I must have been there for most of the morning and he got me to
sing a couple of the Gypsy songs I knew. Before I left the played me a
song on his guitar and gave me a record, which he said was his, and
had the song on. But I didn’t have a record player, and I soon lost the
record.
I had no idea who he was and I forgot about him until I was in
my early twenties. Unfortunately I had got into some trouble and was
in Brixton prison for burglary. My sentence was for two years. We
had a vicar who used to visit twice a week and because we were bored
we would sometimes attend his sessions.
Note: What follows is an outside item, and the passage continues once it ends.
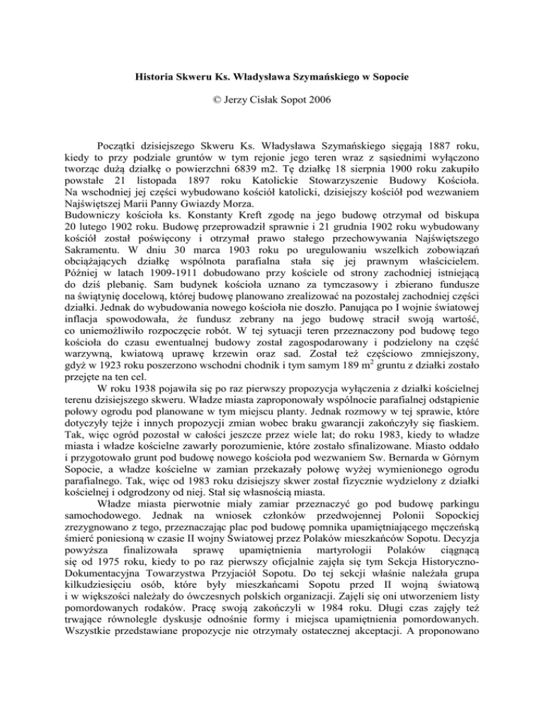 Historia Skweru Ks. Władysława Szymańskiego w Sopocie © Jerzy Cisłak Sopot 2006 Początki dzisiejszego Skweru Ks. Władysława Szymańskiego sięgają 1887 roku, kiedy to przy podziale gruntów w tym rejonie jego teren wraz z sąsiednimi wyłączono tworząc dużą działkę o powierzchni 6839 m2. Tę działkę 18 sierpnia 1900 roku zakupiło powstałe 21 listopada 1897 roku Katolickie Stowarzyszenie Budowy Kościoła. Na wschodniej jej części wybudowano kościół katolicki, dzisiejszy kościół pod wezwaniem Najświętszej Marii Panny Gwiazdy Morza. Budowniczy kościoła ks. Konstanty Kreft zgodę na jego budowę otrzymał od biskupa 20 lutego 1902 roku. Budowę przeprowadził sprawnie i 21 grudnia 1902 roku wybudowany kościół został poświęcony i otrzymał prawo stałego przechowywania Najświętszego Sakramentu. W dniu 30 marca 1903 roku po uregulowaniu wszelkich zobowiązań obciążających działkę wspólnota parafialna stała się jej prawnym właścicielem. Później w latach 1909-1911 dobudowano przy kościele od strony zachodniej istniejącą do dziś plebanię. Sam budynek kościoła uznano za tymczasowy i zbierano fundusze na świątynię docelową, której budowę planowano zrealizować na pozostałej zachodniej części działki. Jednak do wybudowania nowego kościoła nie doszło. Panująca po I wojnie światowej inflacja spowodowała, że fundusz zebrany na jego budowę stracił swoją wartość, co uniemożliwiło rozpoczęcie robót. W tej sytuacji teren przeznaczony pod budowę tego kościoła do czasu ewentualnej budowy został zagospodarowany i podzielony na część warzywną, kwiatową uprawę krzewin oraz sad. Został też częściowo zmniejszony, gdyż w 1923 roku poszerzono wschodni chodnik i tym samym 189 m2 gruntu z działki zostało przejęte na ten cel. W roku 1938 pojawiła się po raz pierwszy propozycja wyłączenia z działki kościelnej terenu dzisiejszego skweru. Władze miasta zaproponowały wspólnocie parafialnej odstąpienie połowy ogrodu pod planowane w tym miejscu planty. Jednak rozmowy w tej sprawie, które dotyczyły tejże i innych propozycji zmian wobec braku gwarancji zakończyły się fiaskiem. Tak, więc ogród pozostał w całości jeszcze przez wiele lat; do roku 1983, kiedy to władze miasta i władze kościelne zawarły porozumienie, które zostało sfinalizowane. Miasto oddało i przygotowało grunt pod budowę nowego kościoła pod wezwaniem Sw. Bernarda w Górnym Sopocie, a władze kościelne w zamian przekazały połowę wyżej wymienionego ogrodu parafialnego. Tak, więc od 1983 roku dzisiejszy skwer został fizycznie wydzielony z działki kościelnej i odgrodzony od niej. Stał się własnością miasta. Władze miasta pierwotnie miały zamiar przeznaczyć go pod budowę parkingu samochodowego. Jednak na wniosek członków przedwojennej Polonii Sopockiej zrezygnowano z tego, przeznaczając plac pod budowę pomnika upamiętniającego męczeńską śmierć poniesioną w czasie II wojny Światowej przez Polaków mieszkańców Sopotu. Decyzja powyższa finalizowała sprawę upamiętnienia martyrologii Polaków ciągnącą się od 1975 roku, kiedy to po raz pierwszy oficjalnie zajęła się tym Sekcja HistorycznoDokumentacyjna Towarzystwa Przyjaciół Sopotu. Do tej sekcji właśnie należała grupa kilkudziesięciu osób, które były mieszkańcami Sopotu przed II wojną światową i w większości należały do ówczesnych polskich organizacji. Zajęli się oni utworzeniem listy pomordowanych rodaków. Pracę swoją zakończyli w 1984 roku. Długi czas zajęły też trwające równolegle dyskusje odnośnie formy i miejsca upamiętnienia pomordowanych. Wszystkie przedstawiane propozycje nie otrzymały ostatecznej akceptacji. A proponowano wykonanie dwóch tablic, jedną wyłącznie z nazwiskami kolejarzy, ustawioną na placu przed dworcem kolejowym, drugą z resztą nazwisk wmurowaną w ścianę ratusza. Była to propozycja Północnej DOKP. Inną propozycją było ustawienie pomnika na skwerze w Parku Północnym, potem w Parku Południowym u zbiegu ulic Grunwaldzkiej i Kordeckiego. Był też projekt umieszczenia dużej tablicy na kamiennej ścianie będącej murem podfundamentowym kościoła św. Jerzego, od strony ul. Bohaterów Monte Cassino oraz ustawienia pomnika na terenie parku po północnej stronie ratusza vis a vis ulicy Marynarzy. Dopiero utworzony plac z podziału działki kościelnej okazał się najbardziej odpowiedni. Postanowiono, więc teren ten zamienić w skwer, którego centralnym punktem będzie pomnik. Wykonanie pomnika zlecono sopockiemu artyście Adamowi Smolanie. Zrezygnowano z przeprowadzenia konkursu, gdyż uszczupliłoby to fundusze na ten cel, które i tak nie były zbyt wysokie. Fachowość profesora i tak gwarantowała wywiązanie się ze zlecenia w sposób profesjonalny. Urbanistyczne ukształtowanie placu z przystosowaniem do funkcji centralnego miejsca pamięci narodowej Sopotu zlecono Gdańskiej Pracowni Sztuk Plastycznych. Wykonali je projektanci tej pracowni Izabela Berwetz-Smolana i Włodzimierz Stopa. Plany realizacyjne wykonali w porozumieniu z autorem pomnika. Prace koncepcyjnoprzygotowawcze trwały do wiosny 1984 roku, kiedy to przystąpiono do realizacji. W dniu 24 marca 1984 roku o godz. 11.30 odbyła się uroczystość wmurowania w przygotowany fundament pomnika aktu erekcyjnego. Do specjalnego pojemnika oprócz aktu erekcyjnego podpisanego przez prezydenta i wiceprezydenta Sopotu oraz sekretarzy komitetów miejskich PZPR, ZSL, SD, RM PRON włożono protokół weryfikacji nazwisk pomordowanych polskich mieszkańców Sopotu, medal 700-lecia Sopotu oraz egzemplarz „Głosu Wybrzeża" z artykułem poświęconym sprawom związanym z pomnikiem. Wmurowanie aktu rozpoczęło realizację zadania. Trwała ona 12 miesięcy. Koordynatorem całości prac organizacyjnych został Zenon Dorniak. Stały nadzór nad realizacją sprawowała mgr Ewa Gilas-Czerwińska z odpowiedzialnego za r

At one of the sessions he
played some music on an old record player and as soon as I heard it I
recognized the singer. He told me it was a man called Bob Dylan and
said that if I liked it, he would bring more of his records to the next
meeting. The following week I spent hours transfixed as I listened to
the records. One song stood out – North Country Blues – it was the
song he had sung to me in the kitchen on the Isle of Wight all those
years ago. When the song had finished, I cried – all the troubles and
hardship I had lived with just poured out of me.
Those sessions with the vicar became my education. With his
guidance and Dylan’s poetry a world opened up to me. He taught me
to read and write, and by the time my prison sentence came to an end I
had started a journey that transformed my life. With the vicar’s
support I went to college and became a carpenter – I didn’t look back.